I always remember this attitude. It was an expression of his devotion for friendship, which I was only able to appreciate years after his death. Life can sometimes appear to be a long series of missed opportunities. One day, it was too late to tell him that we loved him despite everything and to thank him for his efforts to warn us of the inevitable misfortunes of life; these misfortunes teach us important lessons.
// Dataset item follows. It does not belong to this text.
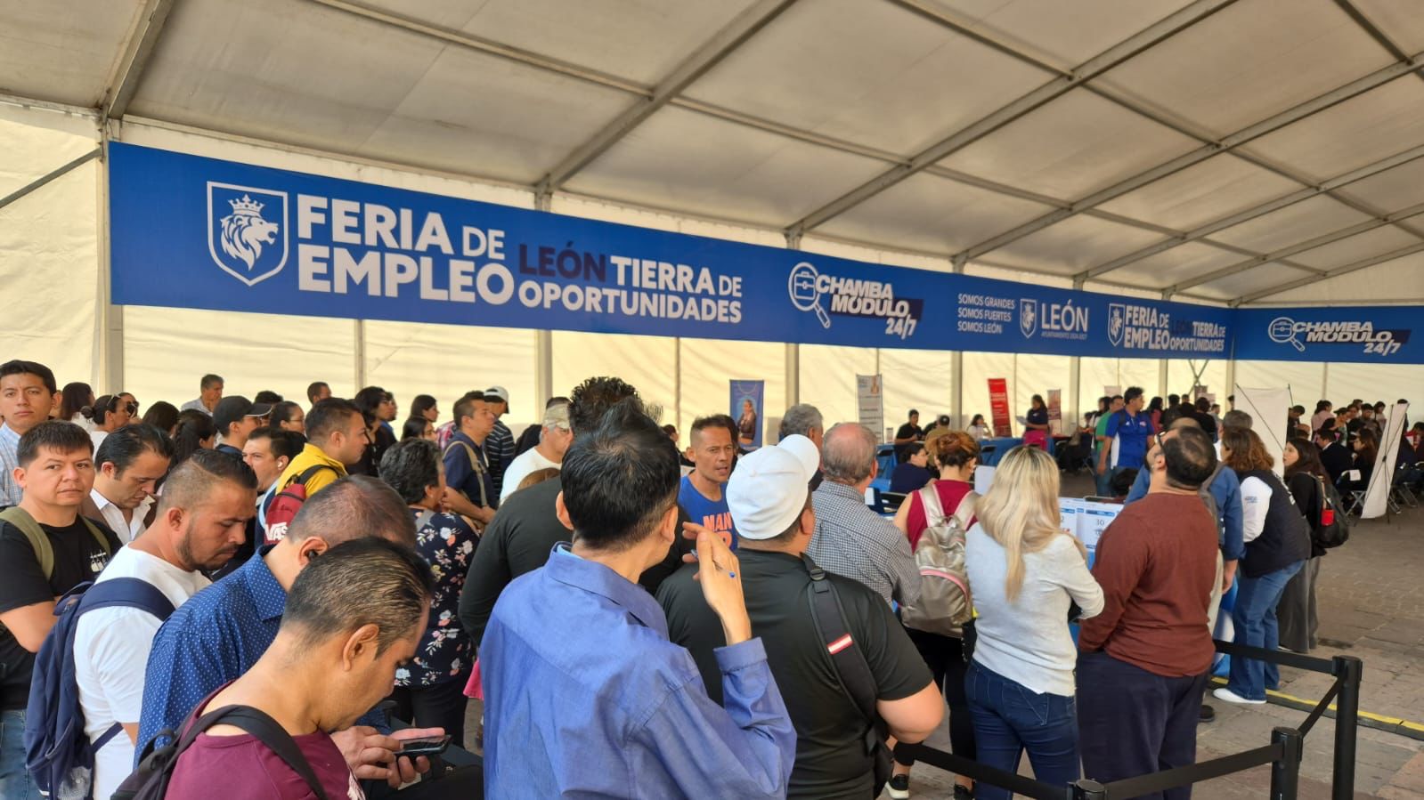 León, Gto., 28 mayo 2025.- Este martes se llevó a cabo la feria del empleo en la ciudad, justo frente a presidencia municipal.

Not all my memories of my father are terrible; I remember with nostalgia some joys, like the evenings when I would sit on his knees and he would sing the songs from his home, or when, in the afternoon, after his card game at the Social Club, he would bring me a box of Mentolina, the mints that we all liked so much.
Unfortunately, he is gone now, and some fundamental things between us have remained unsaid. When love can no longer be expressed, and the old wounds are left untended, we discover the ultimate solitude: that of the lover without his beloved, the child without his parents, the father without his children.
Many years ago I went to that town, Paola de San Francesco, where my father fell in love with my mother. I caught a glimpse of his childhood in that eternally longed-for place, facing the Mediterranean, and my eyes clouded over.”